Description of the patent for industrial invention entitled:

"Method of manufacturing a metallized luminescent screen for a cathode ray tube"

The invention refers to a method of manufacturing a metallized luminescent screen on a front plate panel of a cathode ray tube (CRT) and relates, in particular, to a method of depositing, on the luminescent screen, a single layer of an aqueous film-forming emulsion, with very low concentrations of impurities and having a chemical structure and molecular weight that are optimized for clean and efficient cooking, even in an oxygen-poor environment, simultaneously sealing the panel to a funnel-shaped part of the tube cathode ray CRT.

In the manufacture of a color cathode ray tube represented, for example, by a tube for displaying color television images, or a color display tube, an aluminum layer is formed above the luminescent screen, so that to maximize the brightness of the screen, by directing all the light generated by the phosphors of the screen, outwards, through the front plate panel, towards the observer. The luminescent screen is formed by a layer of three different phosphors emitting blue, green and red light, these phosphors being deposited, in the form of lines, or points arranged in triads, across the display surface of the panel. The surface of these deposits of phosphoric materials is uneven due to variations in the particle size of the phosphoric materials. Obviously, a layer of aluminum applied directly to such deposits would result in a remarkably irregular surface which would tend to conform to the surface contour of the phosphor particles. Irregularities in the aluminum layer destroy the desired property of specular reflection and, therefore, they must be avoided. Consequently, a thin layer of a volatilizable organic material is provided above the deposits of phosphoric materials, in such a way as to obtain a smooth substrate on which it is possible to deposit a layer of aluminum while preventing, at the same time, the penetration of aluminum into the screen.

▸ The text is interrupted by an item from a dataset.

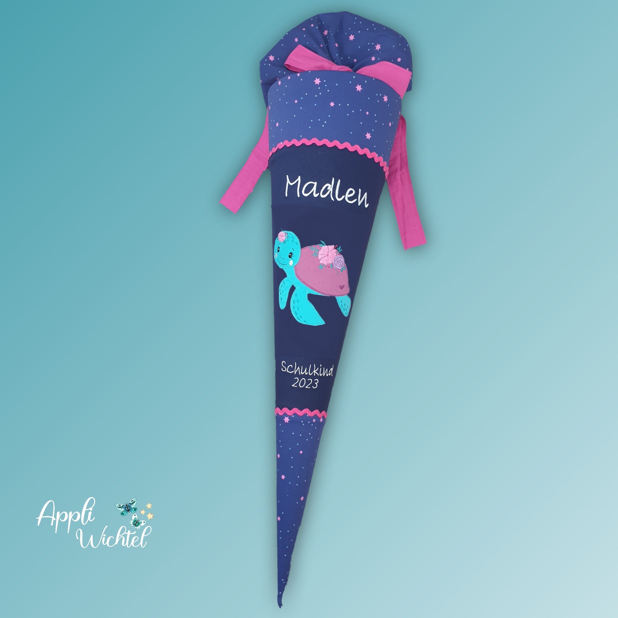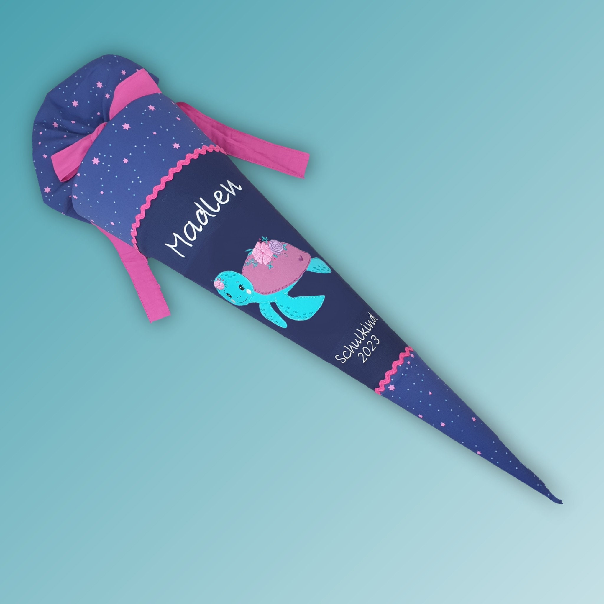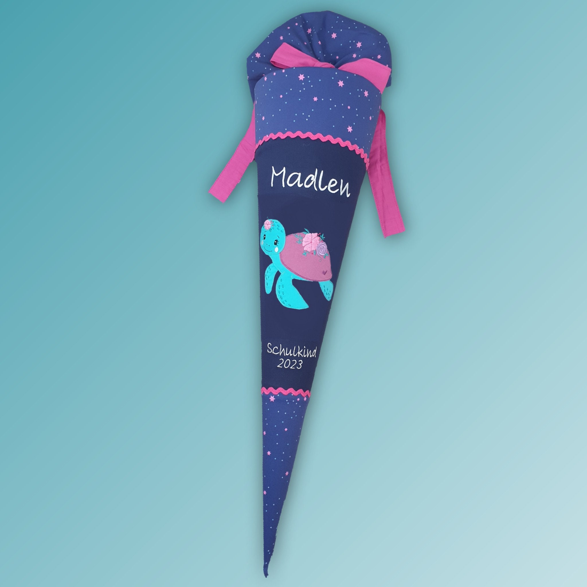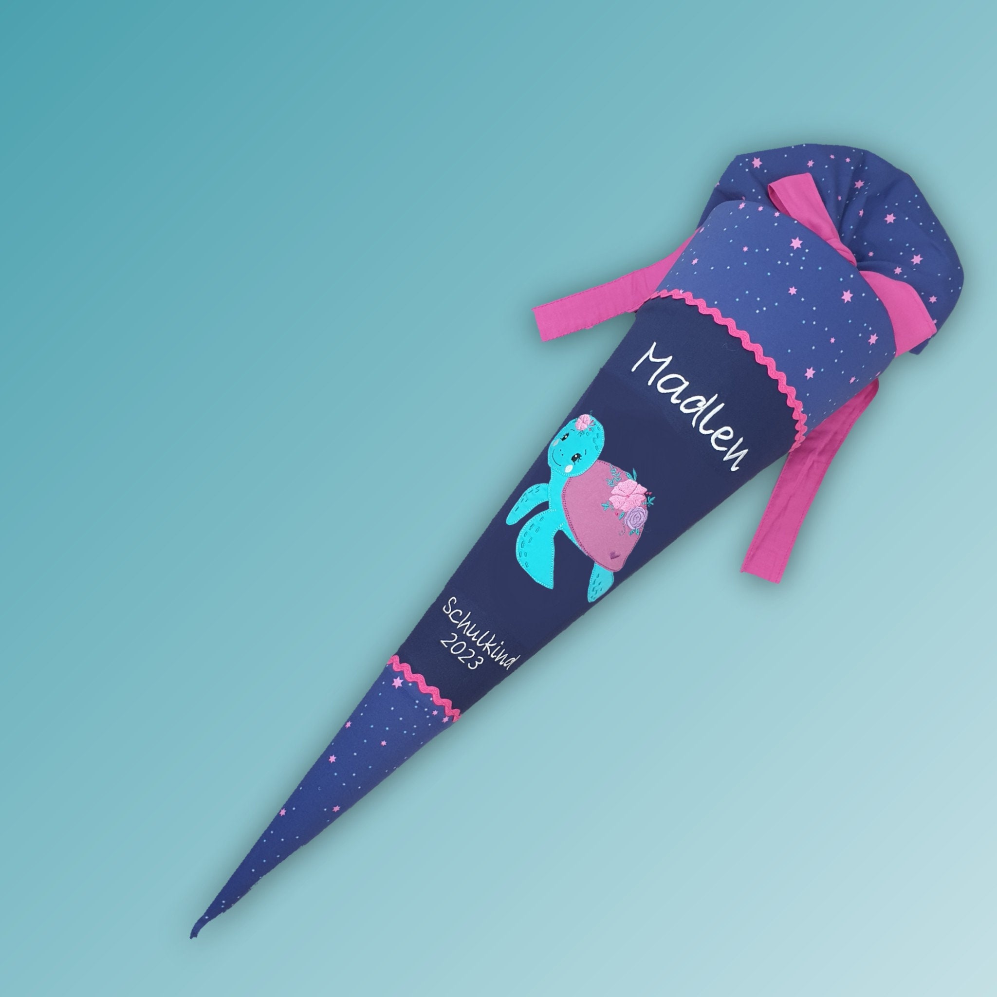 Schultüte mit Schildkröte und Namen farblich auf den Star Seahorse Zoe Schulranzen abgestimmt.

The use of an emulsion film layer is preferred with respect to the solvent-based film-forming lacquers of the prior art, since the phimogenic lacquers, based on solvents, are flammable and pose other problems from the environmental point of view. However, it should be noted that a disadvantage of traditional emulsion films is that most of the phymogenic emulsion polymers have an average molecular weight greater than 10 6 and, therefore, a dedicated baking of the panel is required. before sealing, with frit, of the panel, to the funnel part, in order to eliminate all volatilizable constituents from the film layer and from the luminescent screen. Therefore, these emulsion films require additional manufacturing steps and require some time to produce a CRT cathode ray tube.

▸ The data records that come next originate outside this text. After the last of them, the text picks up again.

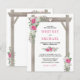 Bröllopsinbjudan med lantlig båge och rosa blommor
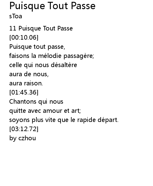 | [03:01.31] | soyons plus vite que le rapide de part. |
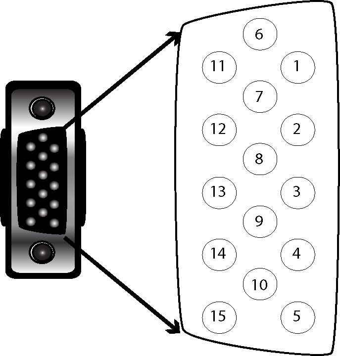 The I/O module with USB has all signals on a SUB-D 15 connector with the following pinouts:

Patent US-A-5,145,511, issued on September 8, 1992, commonly assigned, describes a method for a simultaneous firing of the organic constituents of the luminescent screen and of the overlying film-forming layer of emulsion and sealing of the panel to the funnel part. The film-forming emulsion described in US-A-5.145.511 is represented by a classic film-forming emulsion which has been described as having an acrylic resin content of approximately 11% by weight, or less, this content being lower than the resin content of other emulsion films, of the traditional type, and allows the adoption of a combined step of cooking the panel and sealing the frit. A disadvantage of using the film-forming emulsion with a lower content of acrylic resin is that the resulting film-forming layer is not as smooth as that obtained with an emulsion that has a higher resin content and can, in some cases , adversely affect the uniformity of the aluminum layer and the brightness of the screen. Furthermore, the method described in US-A-5,145,511 requires a gradual rate of temperature rise and a relatively long firing cycle for the volatilization of the emulsion film and influences the combined firing of the panel and sealing with the fried. This leads to an increase in manufacturing time, results in a lower efficiency of the manufacturing process and leads to higher manufacturing costs.

Consequently, it is desirable to provide a film-forming emulsion layer having an organic content of a higher value than that described in US-A-5.145.511, in order to obtain a smoother surface on which to deposit the aluminum layer by decreasing, in the at the same time, the average molecular weight of the polymers in the film-forming emulsion, in such a way as to obtain a reduction in the cooking time of the panel and in the cycle time for sealing with the frit.

The present invention relates to a manufacturing method of a metallized luminescent screen for a CRT cathode ray tube. At least one layer of phosphor material is deposited on an internal surface of a front plate panel, so as to form the luminescent screen. The panel containing the screen is then preheated to a temperature equal to or slightly higher than a minimum film formation temperature and is wetted a priori by applying water to the screen. An aqueous film-forming emulsion, containing a copolymer of acrylates and methacrylates, with an average molecular weight between 250,000 and 500,000, is applied to the pre-wetted screen and is then dried to form a film layer. Subsequently, an aluminum layer is deposited on the first layer while the panel, supporting the metallized screen, is sealed to a funnel part, by heating the panel and the funnel part, within a sealing cycle. The sealing cycle involves a first rate of temperature increase until a first temperature is reached and a second rate of temperature increase which is lower than the first rate, until a second temperature is reached. The difference between the first temperature and the second temperature is sufficient to volatilize the film layer. The second temperature is maintained for a period of time sufficient to seal, by frit, the panel to the funnel part. The sealed front plate panel and the funnel part are then cooled.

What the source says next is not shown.